PTK’s common stock is currently traded on NYSE under the symbol “PTK.” PTK’s warrants are currently traded on NYSE under the symbol “PTK.W” and PTK’s units issued in connection with PTK’s initial public offering that have not separated are currently traded on NYSE under the symbol “PTK.U.” Upon completion of the transaction, the combined company will be called Valens and the Valens ordinary shares will trade on the New York Stock Exchange under the symbol “VLN” and the Valens warrants under “VLNW.” The transaction is expected to close in the fall of 2021, subject to approval by PTK shareholders and other customary closing conditions.
About Valens
Valens is a leading provider of semiconductor products, pushing the boundaries of connectivity by enabling long-reach, high-speed video and data transmission for the audio-video and automotive industries. Valens’ Emmy® award-winning HDBaseT technology is the leading standard in the professional audio-video market with tens of millions of Valens’ chipsets integrated into thousands of HDBaseT-enabled products.
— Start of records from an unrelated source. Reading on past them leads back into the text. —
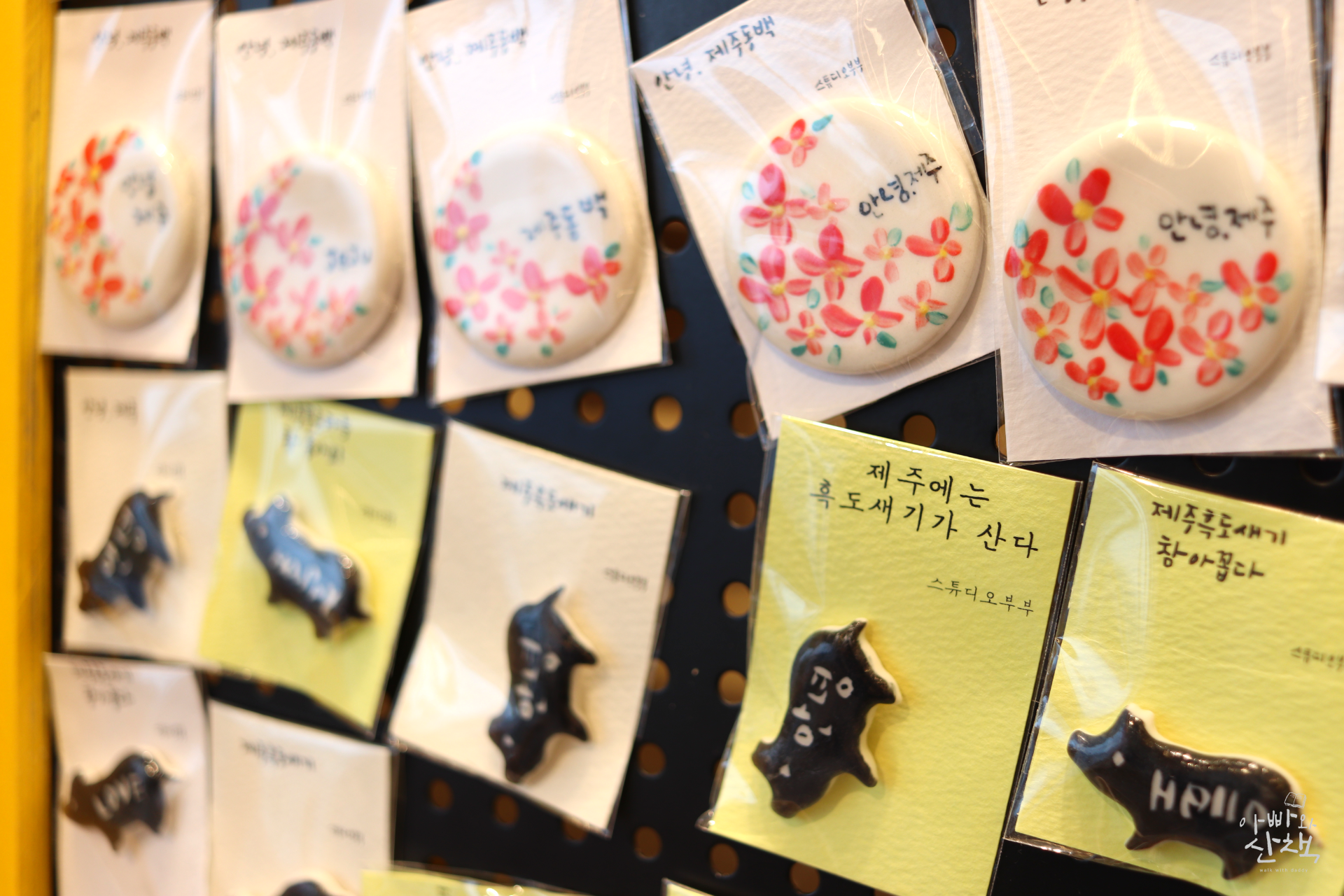 판매하는 소품 하나하나가 작가의 개성과 아이디어가 넘치는 탓에 구경만 하려고 방문했다가도 그냥 지나치기가 쉽지 않습니다. 제주 여행을 추억할 기념품들 외에도 제주를 상징하는 디자인 요소가 녹아들어 있는 다양한 생활 소품들과 함께 제주 인기 먹거리도 판매하고 있어서 지인들을 위한 개성 있는 선물과 함께 나를 위한 소장품을 구입하기에도 좋습니다.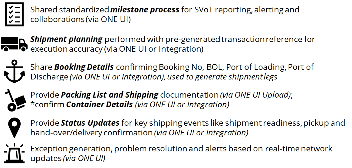 - Continuous availability of data for visibility and collaboration with supplier’s and LSP users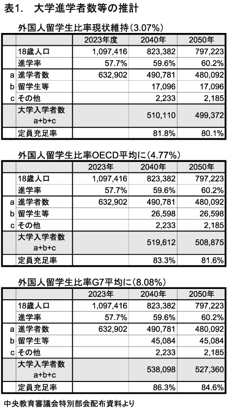 これによると(表1)、2040年の国内の大学進学率を60%とした条件で、留学生比率が現状のまま(3・1%)だとすると、同年の大学入学者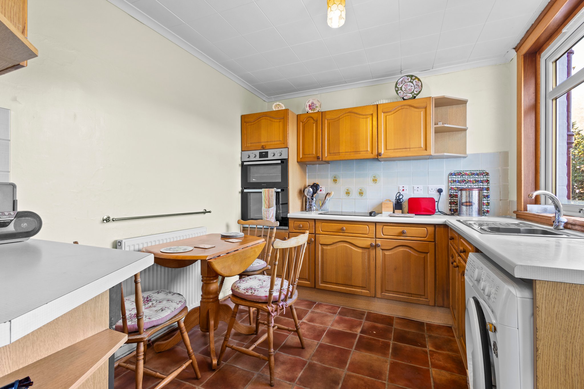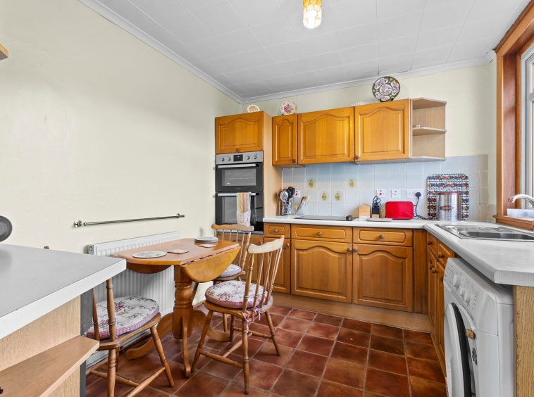 2.81m x 3.24m (9′ 3″ x 10′ 8″) Fully fitted kitchen complete with ample wall and base storage units, integrated oven, electric hob, plumbing and space for a washing machine, stainless steel sink and drainer, neutral decor, vinyl flooring, a double glazed window to the side and a door to the front.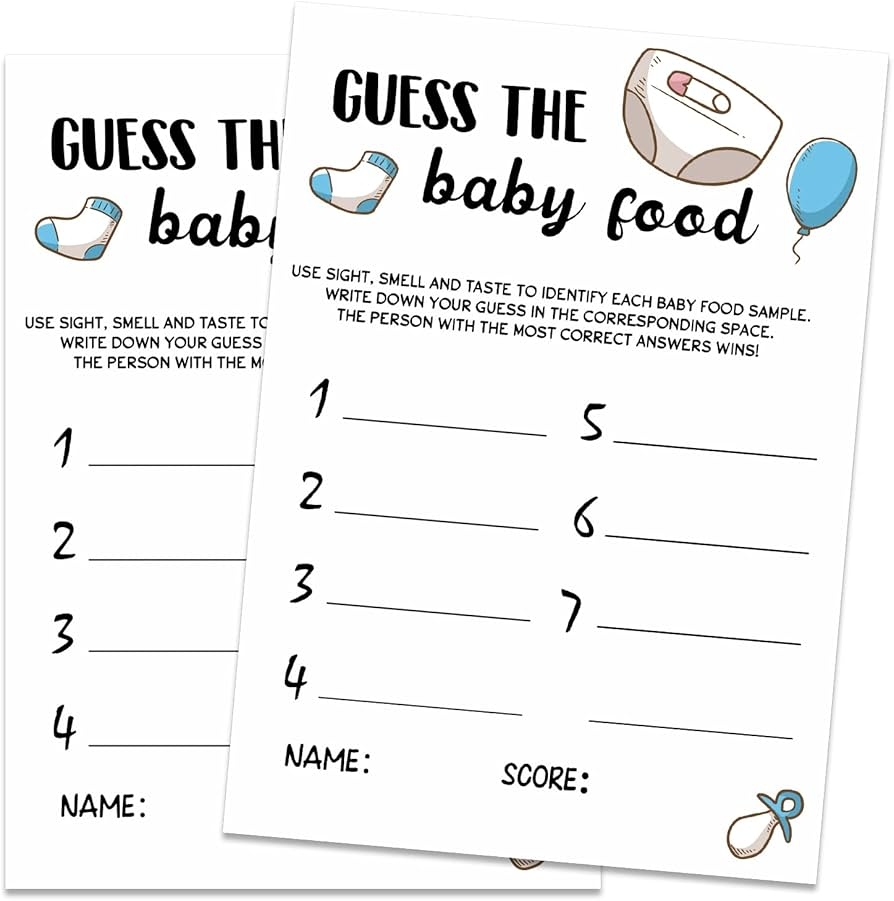 To play Guess The Baby Food Printable, simply set up a station with different jars of baby food and numbered labels. Guests can sample each jar and write down their guesses on a provided sheet. The person with the most correct answers wins a prize!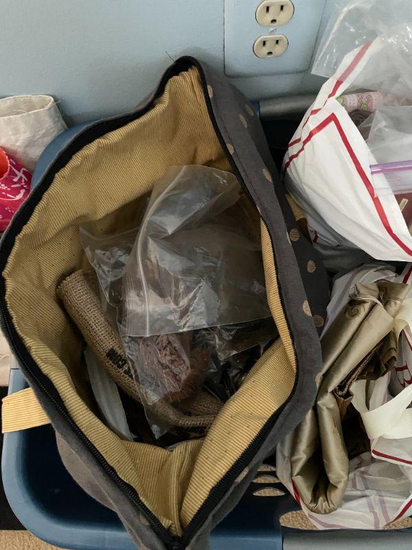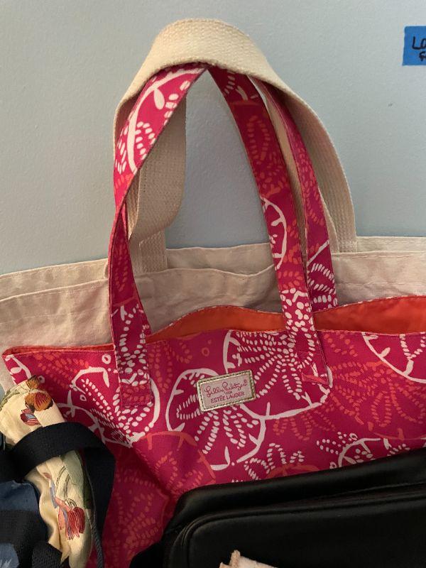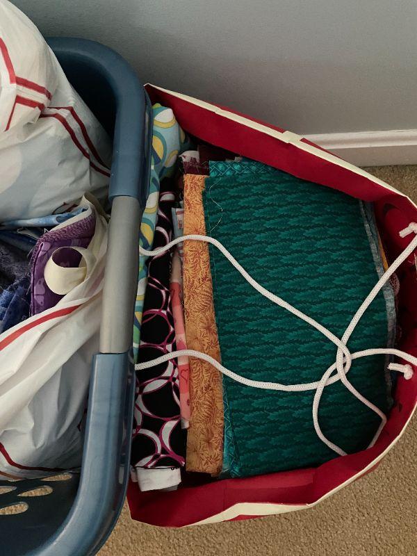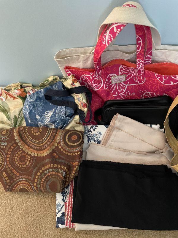 Misc. bags, lots of fabrics, laundry basket, Lilly Pulitzer purse, crafts supplies.
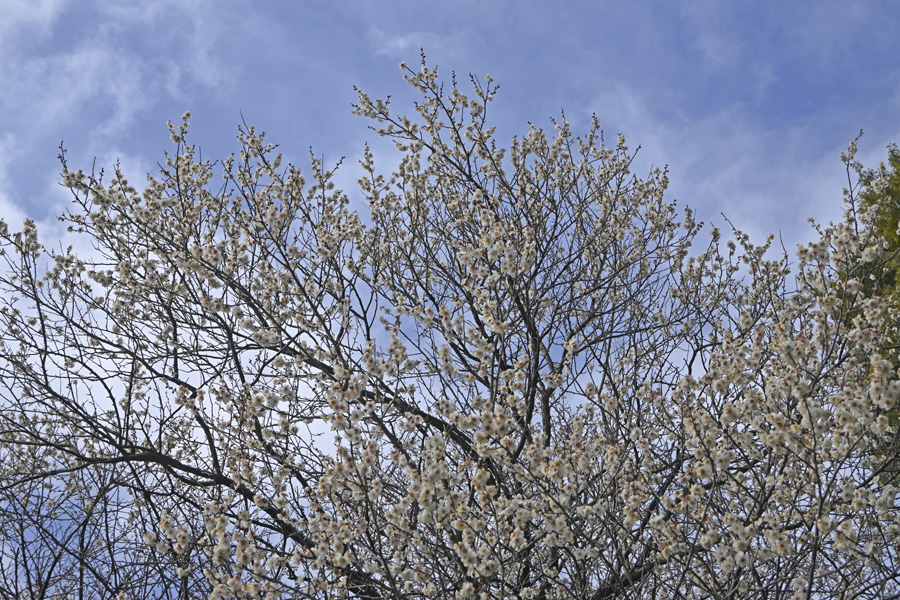 こちらは白梅だ。公園の隣の家の庭から園内の通路に飛び出している。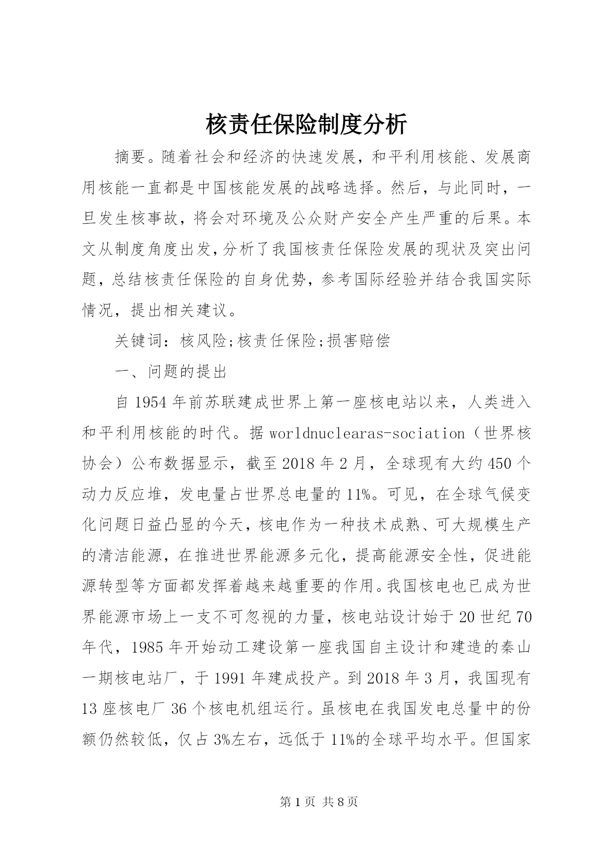 第PAGE\*Arabic\*MERGEFORMAT8页共NUMPAGES\*MERGEFORMAT8页核责任保险制度分析摘要。随着社会和经济的快速发展,和平利用核能、发展商用核能一直都是中国核能发展的战略选择。然后,与此同时,一旦发生核事故,将会对环境及公众财产安全产生严重的后果。本文从制度角度出发,分析了我国核责任保险发展的现状及突出问题,总结核责任保险的自身优势,参考国际经验并结合我国实际情况,提出相关建议。关键词:核风险;核责任保险;损害赔偿一、问题的提出自1954年前苏联建成世界上第
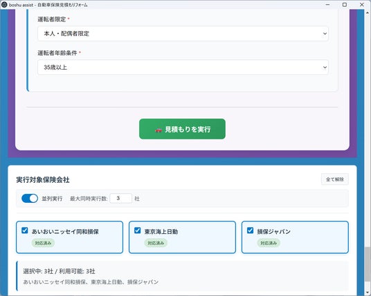 3. 見積もり対象の保険会社を選択し実行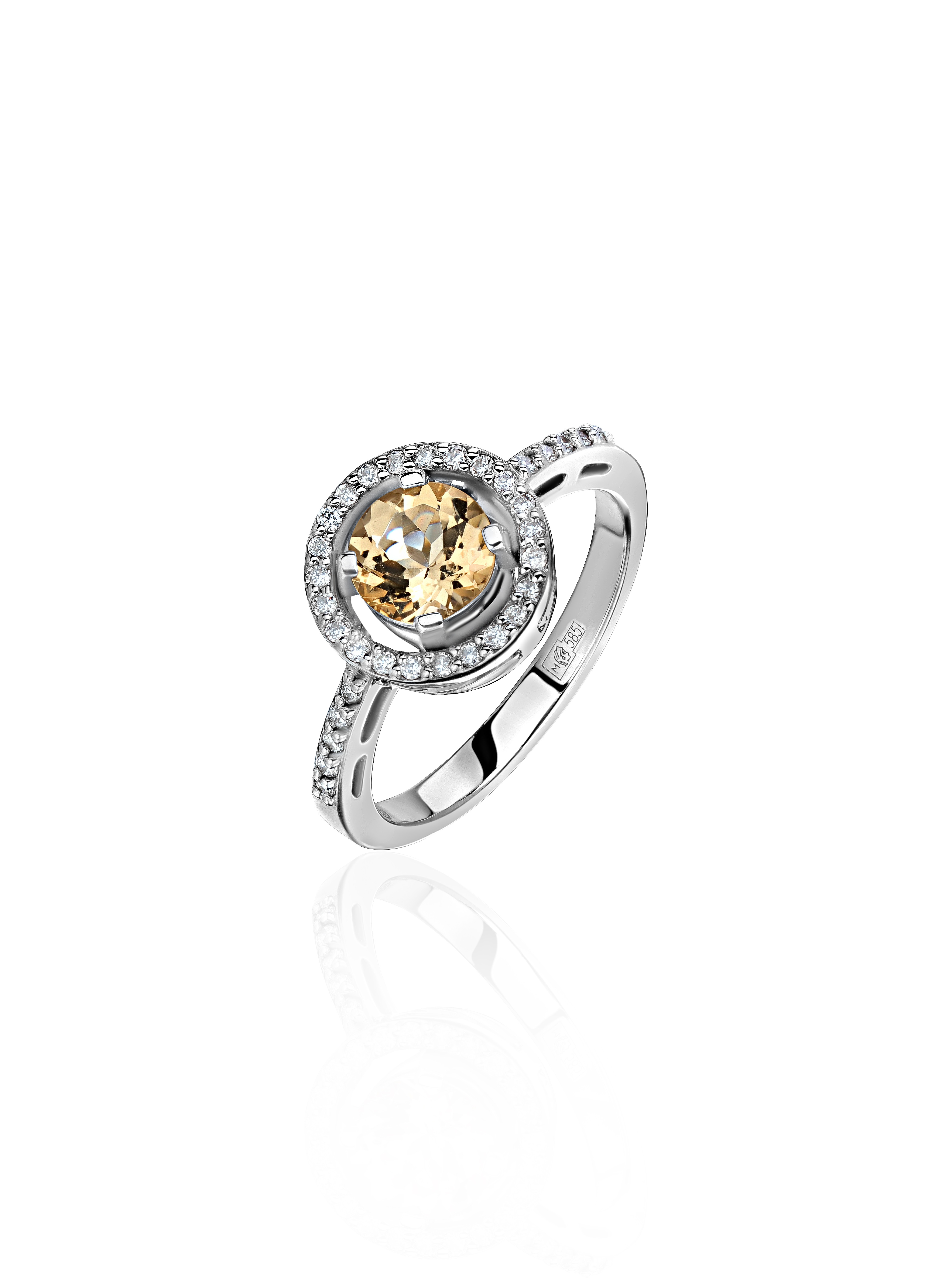Гелиодор круг 0/0 1шт. 0.7ct 6*0*0 - Размер 17Вес 3.26 гр.Бриллиант кр-57 4/5 33шт. 0.16ct

Valens Automotive is a key enabler of the evolution of autonomous driving, providing chipsets that are on the road in vehicles around the world. The underlying technology has been selected to become the basis for MIPI A-PHY, the global standard for automotive connectivity. Founded in 2006, Valens is based in Hod Hasharon, Israel, with offices in the US, Europe and Asia. For more information: www.valens.com.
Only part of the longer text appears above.